La Pologne est parmi les derniers pays européens à avoir été victime de l’effondrement démographique contemporain. En effet ce n’est qu’en 1989 que le taux de fécondité est tombé sous le chiffre de 2,10 enfants par femme nécessaire pour assurer le simple remplacement des générations. Et depuis, le chiffre des naissances a chuté d’une façon impressionnante. On est passé d’un taux de fécondité de 3,71 en 1950 à 1,24 en 2005, niveau qui s’est encore aggravé depuis lors.
Cette situation peut surprendre dans un pays présenté comme le pays catholique par excellence ou ses citoyens respectueux des principes de l’Église bannissent préservatif et avortement. Il semblerait que les polonais prennent des distances avec l’enseignement de l’Église, tout du moins du point de vue sexuel, et semblent aujourd’hui refuser de se reproduire. Le pays rejoint ainsi le groupe des pays catholiques européens à très basse fécondité, comprenant, outre la Lituanie voisine, l’Espagne et l’Italie. Cependant la désaffection religieuse n’existe pas ou est minime en Pologne où 70 % des citoyens fréquentent les églises, et sont toujours respectueux de la hiérarchie catholique.
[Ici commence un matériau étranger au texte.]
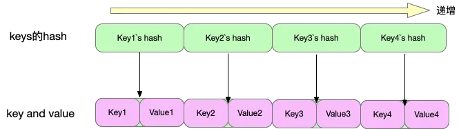 - 用数组实现,key递增插入数组,通过二分查找实现遍历,不同于HashMap的数组+链表/红黑树,因此时间复杂度低于HashMap
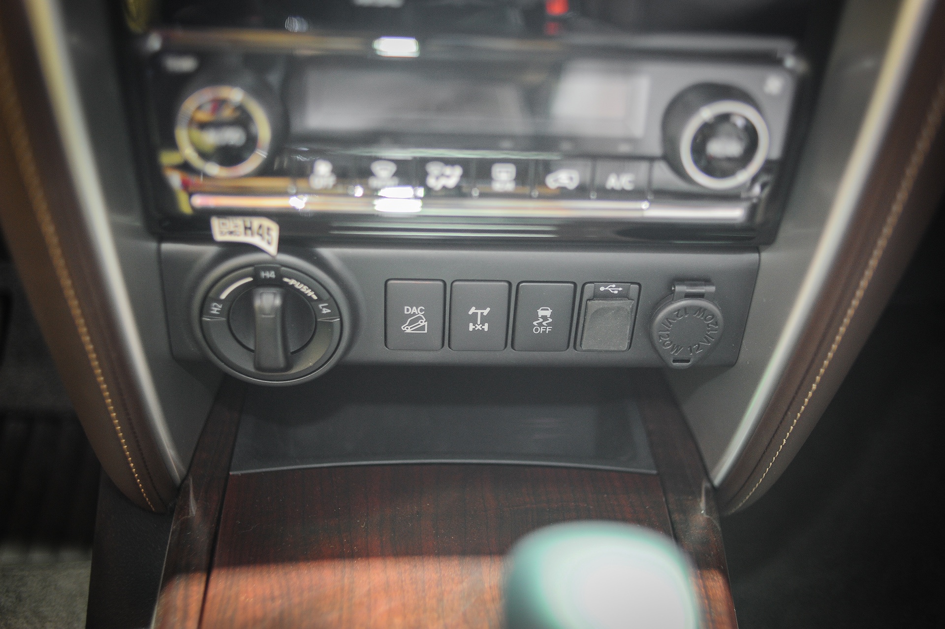 | Khu vực cần số được thiết kế lại, ốp gỗ khá cao cấp. Tương tự Innova 2016, Fortuner 2017 cũng có 2 chế độ lái Eco mode và Power mode, lựa chọn thông qua nút bấm. |
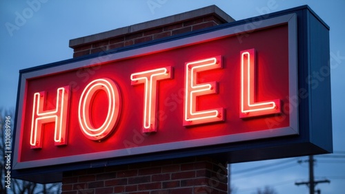 neon, signs, hotel, red, glowing, brick, background, night, light, building, accommodation, lodging, travel, stay, motel, exterior, signage, bright, glow, urban, architecture, hospitality, tour tourism, destination, street, landmark, commercial, business, city, electric, illuminated, retro, vintage, classic, bold, vibrant, eye-catching, advertisement, structure, design, modern, contemporary, inviting, welcoming, recognizable
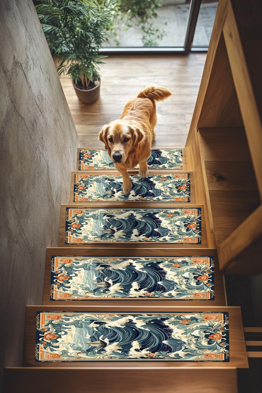 Navy blue stair mat, Ocean themed stair treads, Chenille stair pad,...
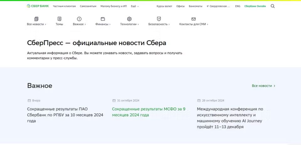 Оформление новостей на сайте Сбера выполнено с участием как холодных, так и теплых цветов, и все они — цвета бренда.
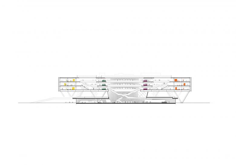 The architectural idea behind the ARENA building is predicated on a finely balanced interplay between transparency, landscape, and a modern concept of work based on communication and interaction across professional fields as well as responsiveness to future developments. The result is a striking landmark formed by an abstract volume housing three workspace floors that hovers above a modeled landscape. This sculpted hill accommodates the building’s entrance area, part of which is publicly accessible, leading to a vast bright atrium suitable for a variety of events.
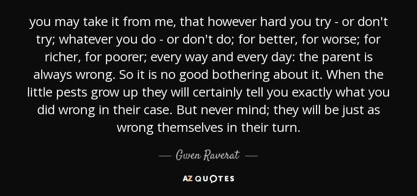you may take it from me, that however hard you try - or don't try; whatever you do - or don't do; for better, for worse; for richer, for poorer; every way and every day: the parent is always wrong. So it is no good bothering about it. When the little pests grow up they will certainly tell you exactly what you did wrong in their case. But never mind; they will be just as wrong themselves in their turn.
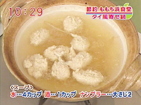 鍋に水と酒、ナンプラー、香菜の根を入れて煮立て、沸騰したら(3)を団子状に丸めながら落とし入れる
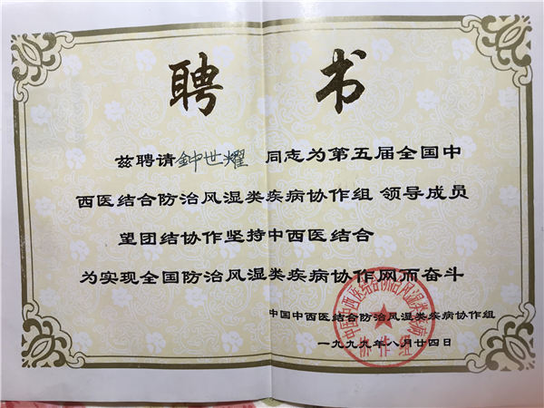 1998年中医药治疗类风湿关节炎1200例疗效观察 在德国获世界传统医学治疗疑难病症优秀论文奖
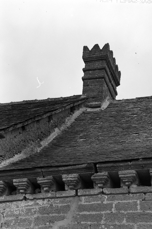 La Blanche-Noé, maison : façade sud, détail de la corniche et de la souche de cheminéeImmatriculation
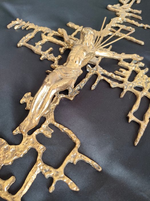Kostbaar surrealistisch enorm kruisbeeld of Christus in verguld brons met reliëfs. Het is een exclusief designmodel geïnspireerd op Salvador Dalí uit het einde van de 20e eeuw. De algemene esthetiek van het stuk is uniek en goed bewaard gebleven. Het is een prachtig kruis!
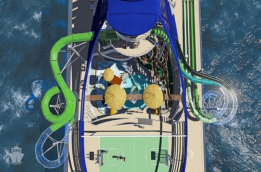 "360° Waterfront boardwalk" – promenáda okolo celej lode, ktorej súčasťou je prechádzka cez priehľadnú podlahu pre ešte väčší zážitok z plavby.
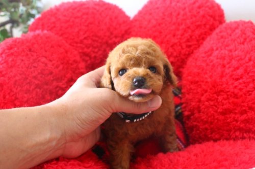 本日、我が家に小さな可愛い女の子のトイプードルがやって来ました。 遠距離という事もあり、暑い時期、飛行機の事なども心配していましだが、家に着いた途端、元気に走り、食欲も旺盛で、今まで大切に育てられてきたのだなぁ、ということがよくわかりました。 連休中にも関わらず、戸田様には、伊丹空港まで連れて来て頂き、こちらの質問にも的確に答えて下さいました。 大変信頼できるブリーダーです。 遠距離で悩まれている方も、安心して新しい家族を迎えられますよ。(兵庫県 男性)

Le problème est essentiellement social. Depuis la fin du socialisme, l’insécurité de l’emploi est présente, et les salaires sont bas. Les aides de l’état pour la famille sont insuffisantes et la crise du logement fait que beaucoup de jeunes couples doivent loger chez leurs parents. En outre le nombre de crèches est insuffisant. Enfin bien des femmes ayant un emploi craignent de ne plus pouvoir réintégrer l’entreprise après un congé de maternité. En bref, la situation économique est mauvaise pour les familles. L’idéal familial des Polonais est resté le même que du temps de la république populaire, mais face aux difficultés parfois insurmontables de procréer, les Polonais ont dû souvent s’abstenir à contre-cœur.